Data Tool Kit - People's Data Science Handbook
If you are new to the data scene, it can be overwhelming to know where to start. Here we explain some foundational data concepts. If you do encounter jargon or terminology with which you aren’t familiar, please see the Glossary for definitions.
What are Data?
Data are a set of values representing a specific measurement or observation and can be in a number of different formats or structures, such as lists or tables. By themselves, data have no meaning. It is only through analysis and interpretation that data obtains meaning and becomes information. Analysis and interpretation can take the form of numerical summaries (think statistical analyses) or graphical representations or summaries of the data themselves (think graphs or charts). For those philosophers among us, this hierarchy continues to include knowledge and wisdom, where an accumulation and synthesis of multiple sources of information combined with experience eventually results in knowledge. Finally, when knowledge is given context, value or judgment, and shared understanding, it becomes wisdom
In addition to the data itself, working with data or a data project may require the development of a data workflow, data model, or data schema. Understanding the differences between these tools, how they are related, and how to use them will be tremendously helpful when trying to articulate general and detailed information about your data project.
A data workflow is a conceptual roadmap of your data project. Similar to a traditional workflow diagram, your data workflow should have explicit representation of how data flows through people and process. Ideally, your workflow would also include a timeline component that shows when decisions are made and how those decisions impact data flow.
A data model (AKA Entity Relationship Diagram or ERD) is a graphical representation of the data system design. The data model should generally answer the questions:
- Which data objects (e.g. databases, tables, etc.) will be used?
- Which data objects will be managed?
- Which data objects will be exported?
- How are the data objects related?
- What data products will be developed (e.g. visualization, website, application, etc.)?

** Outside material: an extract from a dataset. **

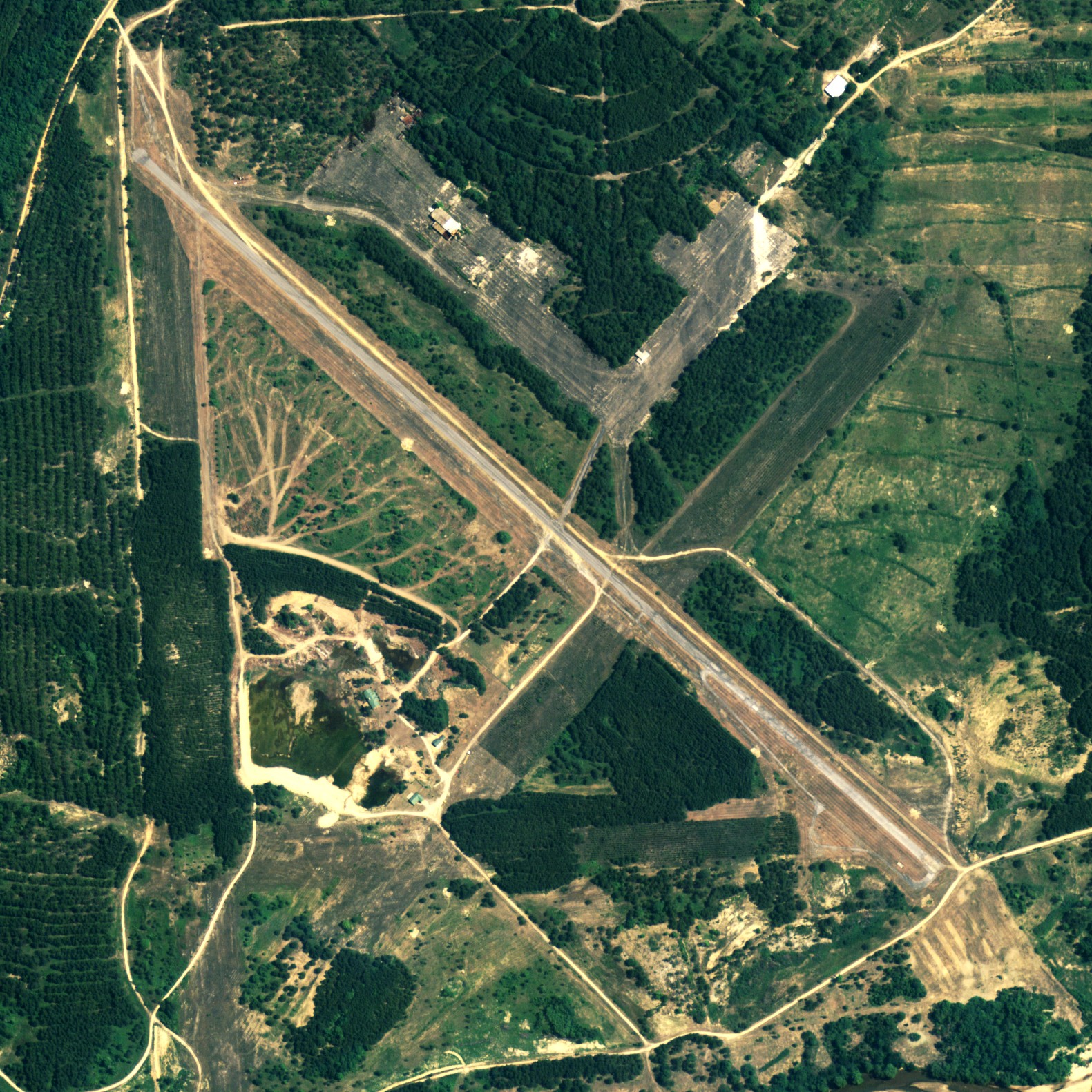 Sharpe Field (FAA LID: AL73) is a private use airport located six nautical miles (11 km) northwest of the central business district of Tuskegee, a city in Macon County, Alabama, United States. This airport is privately owned by the Bradbury Family Partnership. Formerly known as Tuskegee Army Airfield, Sharpe Field was to used train the Tuskegee Airmen during World War II. It provided advanced training for the graduates of nearby Moton Field. Most of the history of the Tuskegee Airmen was made at this site. HistoryThe Air Field was designed by the African American architect Hilyard Robinson and built in 1941. Construction began on July 12, 1941. Training flights began in November of the same year, even though construction was nowhere near completion. A graded (but not yet paved) portion of the north/south runway was used to conduct initial flight training. The earliest depiction of the Tuskegee AAF airfield which has been located was on the August 1942 14M Regional Aeronautical Chart (courtesy of Chris Kennedy). It depicted “Tuskegee” as a commercial or municipal airport. Tuskegee AAF was assigned to the Southeast Training Center of the Army Air Force Training Command. It was commanded by the 318th Army Air Force Base Unit. By the end of 1942, Tuskegee had a total of 3,414 personnel. The March 1943 14M Regional Aeronautical Chart labeled the airfield as “Tuskegee Army Flying School”, and indicated that the field had a control tower. By September 1943, Tuskegee had 4 runways & a total of 225 buildings. Aircraft used at Tuskegee during WW2 included the PT-17 biplane basic trainer, BT-13 monoplane advanced trainer, AT-6 Texan advanced trainer, and P-40 Warhawk (used for fighter transition training). Twin-engine training commenced at Tuskegee in 1943, at first using the AT-10. The 1944 US Army/Navy Directory of Airfields described Tuskegee AAF as having a 5,000' hard-surface runway As constructed during WW2, Tuskegee AAF consisted of 4 asphalt runways (the longest being 5,200'), taxiways, a ramp, and a large number of buildings north of the field During WW2, Tuskegee AAF had 2 satellite airfields: Griel Auxiliary #1, and Shorter Auxiliary #2 (still in use today as Shorter Airport). These 2 auxiliary airfield were not depicted on the November 1944 Birmingham Sectional Chart but they did appear on the April 1945 Birmingham Sectional Chart. The 1945 Birmingham Sectional Chart also depicted a "Tuskegee Institute #1" airfield, a few miles southeast of the town of Tuskegee, but no trace has been identified of this airfield on recent aerial photos. The AT-10 twin-engine trainer was replaced at Tuskegee by the TB-25 Mitchell in 1945. The last pilot class graduated at Tuskegee in 1946, bringing the total number of pilots trained at the base to 992. Tuskegee AAF was inactivated in 1946, and the property reverted back to the town of Tuskegee. Many of the base's buildings were moved into the town, and 2 of the hangars were relocated. Although the 1962 Birmingham Sectional Chart depicted Sharpe Field as having 4 paved runways (with the longest being 5,000'), the Aerodromes table included the remark "North/South only usable runway." Sharpe Field was reopened as a civilian airport at some point between 1945–62, as that is how it was listed in the 1962 AOPA Airport Directory. Sharpe Field was described as having a single 5,000' asphalt Runway 18/36, and the operator was listed as Sharpe Aviation Service The Tuskegee airfield was evidently closed once again at some point between 1965–71, as it was not listed among active airfields in the 1971 Flight Guide. In 1976, an attempt was made to reuse the abandoned base as an oil refinery, but this did not work out. It was depicted as an abandoned airfield on the 1998 World Aeronautical Chart. The site of Tuskegee AAF was purchased by the Bradbury Family Partnership in the year 2000 time frame. It is strictly a private development, however, in 2003 that Sharpe Field was once again listed as an active private airfield. Only one runway was listed as being active, the 5,300' asphalt Runway 14/32. The owner was listed as the Bradbury Family Partnership, of Woodstock, GA. The purpose of the airfield having been reactivated is unknown, although the old ramp area was used as an asphalt plant for a number of years. Some of the equipment can still be seen on the ramp area. FacilitiesSharpe Field covers an area of 2,600 acres (1,052 ha) at an elevation of 253 feet (77 m) above mean sea level. It has one asphalt paved runway designated 14/32 which measures 5,300 by 46 feet (1,615 x 14 m). The above content comes from Wikipedia and is published under free licenses – click here to read more.

A data schema shows what the “guts” of your database will look like, including the identification of tables, columns, data types, constraints, and relationships.
The table below compares the levels of detail and components included in data workflows, data models, and data schemas.

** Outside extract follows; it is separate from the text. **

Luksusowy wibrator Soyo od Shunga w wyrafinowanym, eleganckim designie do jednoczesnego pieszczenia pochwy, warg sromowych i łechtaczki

Term | Level of Detail | Key Components |
---|---|---|
Data Workflow | Low – Medium | Data objects Data Flow Critical people & process Critical Timelines (as appropriate) |
Data Model | Low – Medium | Data objects High level relationships Products |
Data Schema | High | Data objects Tables Columns Data types Constraints Relationships |
Data Science 101
Data science, in the most simple and general sense, is the process of utilizing the scientific method to data to transform data into information and insights. Data science has been (and continues to) evolve into a multi-disciplinary field that combines subject matter expertise (e.g. hydrology, ecology, social science), computer science (e.g. software, programming, machine learning) and mathematics and statistics (e.g. models, algorithms) to identify patterns and make predictions from data. From an analytics perspective, data science can provide solutions via:
- Descriptive Analytics: transforms data into useful information to understand what happened in the past (see the Business Intelligence Handbook for more information)
- Diagnostic Analytics: utilizes data to understand why things in the past happened
- Predictive Analytics: utilizes data and machine learning techniques to classify or predict what is most likely to happen in the future (see the Machine Learning Handbook for more information)
- Prescriptive Analytics: utilizes data to recommend actions one can take to affect outcomes, which can then inform decision making
The marriage of data and data science allows us to better transform data into and communicate information. This communication can be through reports, statistical inference, making predictions, or data visualization. Using data science to develop such products can increase their efficiency, effectiveness, and transparency.